A processor executes instructions at a frequency determined by an oscillator, which acts as the clocking mechanism for the circuit. At the peak of each clock signal, the processor executes a single elementary operation or a part of an instruction. The speed of the processor is determined by this clock speed. Also, Cycles per Instruction (CPI) gives the average number of cycles required to execute an instruction for the processor. The processors with lower CPI values are faster than the one with higher CPI values.

A processor consists of several interconnected units. Cache memory and register units, control unit, execution unit, and bus management unit are the main components of a processor. Control unit links the incoming data, decodes it, and passes it to execution stages. It contains subcomponents called the sequencer, ordinal counter, and instruction register. Sequencer synchronizes the rate of instruction execution with the clock speed and it also passes the control signals to other units. Ordinal counter retains the address of the currently executing instruction and the instruction register contains the subsequent instructions that are to be executed.

The execution unit carries out the operations based on the instructions. Arithmetic and Logic unit, floating point unit, status register, and accumulator register are the subcomponents of the execution unit. Arithmetic and Logic Unit (ALU) perform basic arithmetic and logic functions, such as AND, OR, NOT and XOR operations. These operations are carried out in binary form subjected to Boolean logic. Floating point unit carries out operations related to floating point values, which are not carried out by the ALU.

Registers are small local memory locations inside the chip that temporarily stores the instructions for the processing units. Accumulator register (ACC), status register, instruction register, ordinal counter, and buffer register are the main types of registers. Cache is also a local memory that is used to temporarily store the information available in the RAM for faster access during the operations.

Processors are built using different architectures and instruction sets. An instruction set is the sum of basic operations that a processor can accomplish. Based on the instruction sets the processors are categorized as follows.

• 80×86 family : (“x” in the middle represents the family; 386, 486, 586, 686, etc.) 

• ARM

• IA-64

• MIPS

• Motorola 6800

• PowerPC

• SPARC

There are several classes of Intel microprocessor designs for computers.

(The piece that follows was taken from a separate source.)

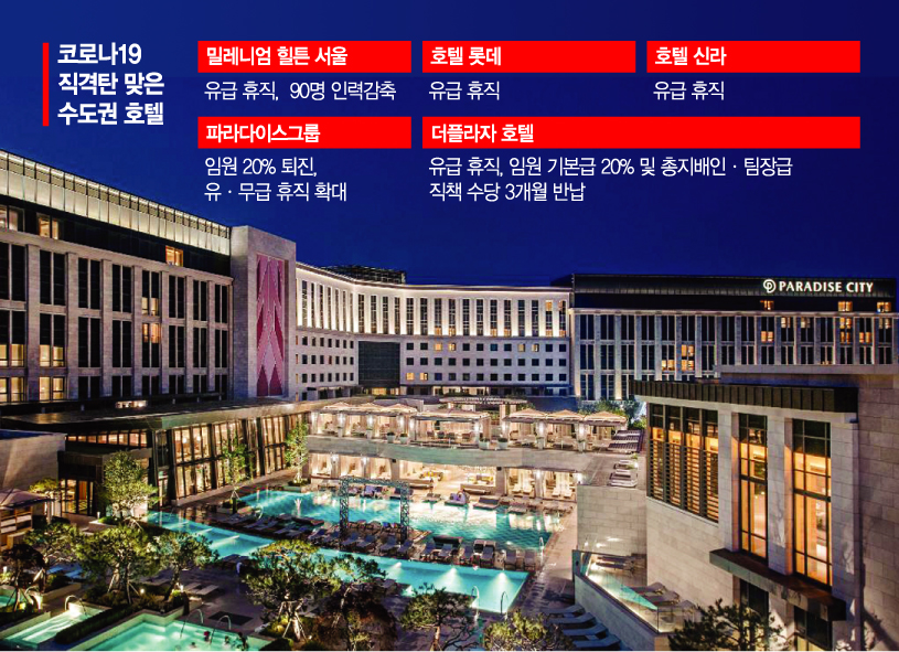 호텔 및 카지노를 운영하는 인천의 파라다이스시티도 대규모 희망퇴직을 실시한다. 외국인 카지노 매출이 대부분을 차지하는 파라다이스시티는 코로나19로 외국 관광객 발길이 뚝 끊기며 장기간 경영 악화에 시달리고 있다. 파라다이스시티는 현재 스파와 클럽, 테마파크를 비롯해 58개 스위트룸으로 구성된 아트파라다이소 건물도 폐쇄한 상황이다.

386:  Intel Corporation released the 80386 chip in 1985. It had a 32-bit register size, a 32-bit data bus, and a 32-bit address bus and was able to handle 16MB memory; it had 275,000 transistors in it. Later i386 was developed into higher versions.

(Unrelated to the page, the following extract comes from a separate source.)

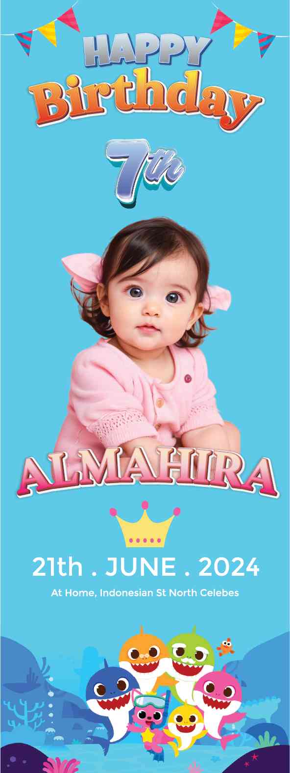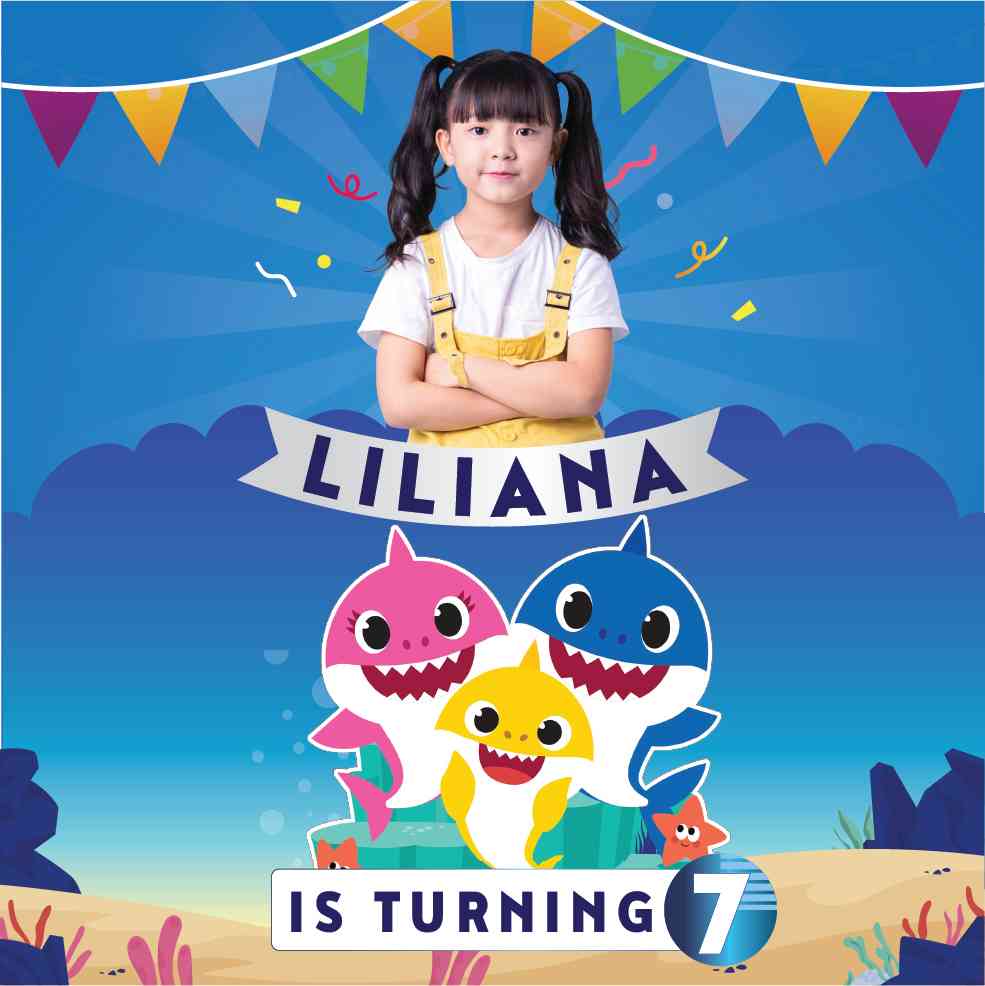 "Selamat datang di pesta ulang tahun yang dipenuhi dengan keceriaan dari dasar laut! Baliho kami menghadirkan dunia Baby Shark yang menggemaskan langs...

486, 586 (Pentium), 686 (Pentium II class) were advanced microprocessors designed based on the original i386 design.

What is the difference between a RAM and a Processor?

• RAM is a memory component in the computer while the processor performs specific operations subjected to instructions.

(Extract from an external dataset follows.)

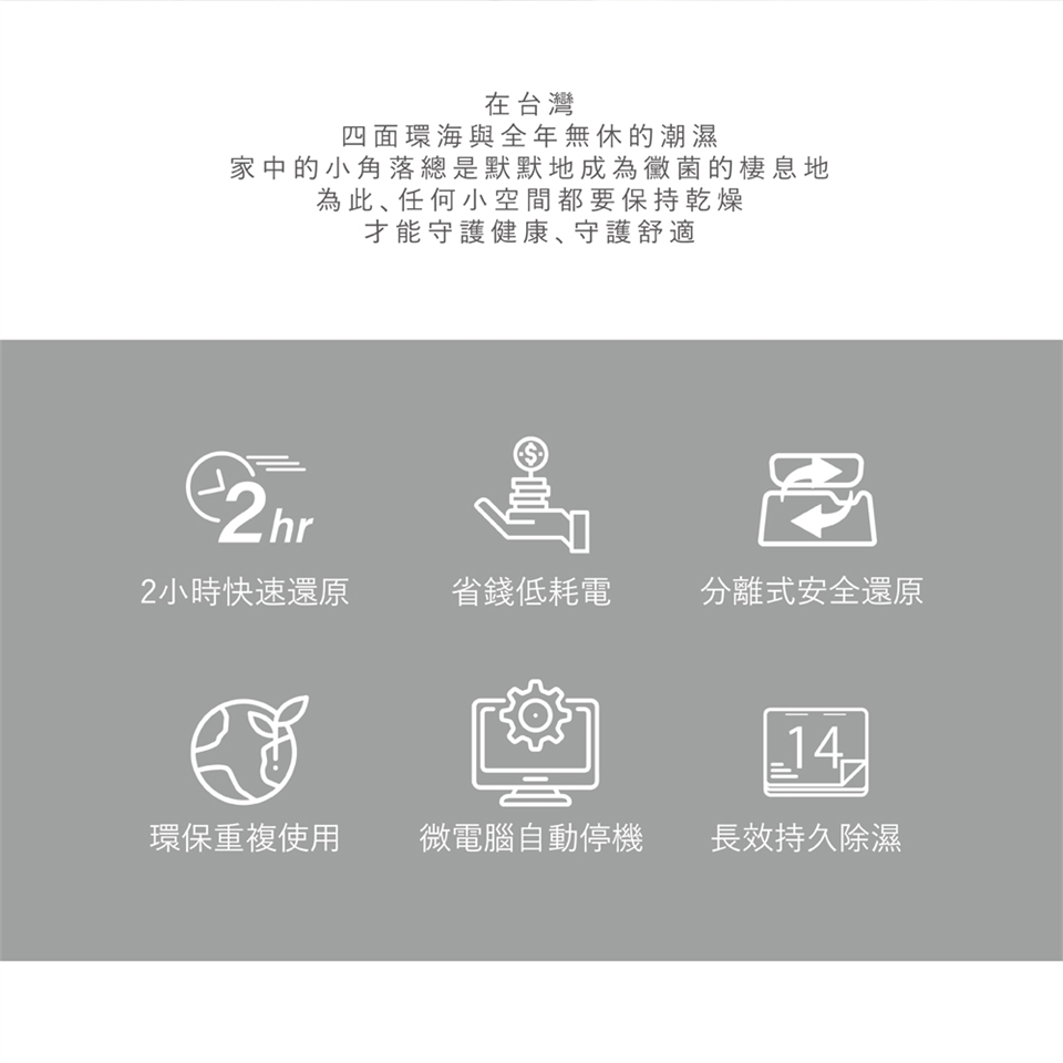 ●電費僅需0.3元/次,還原後吸濕時間長達2-3周

• In modern computers, both RAM and Processors are semiconductor devices, and has to be connected to the main board (motherboard) through extension slots.

• Both RAM and Processor are primary components of the computer system, and would not operate with either working improperly.

• In general, a processor is rated for the number of operations (cycles) it can perform in a second (in GHz), and a RAM is rated for the memory capacity (in MB or GBs).

• A processor is found as a single IC package while RAM drives are available as modules consisting several ICs.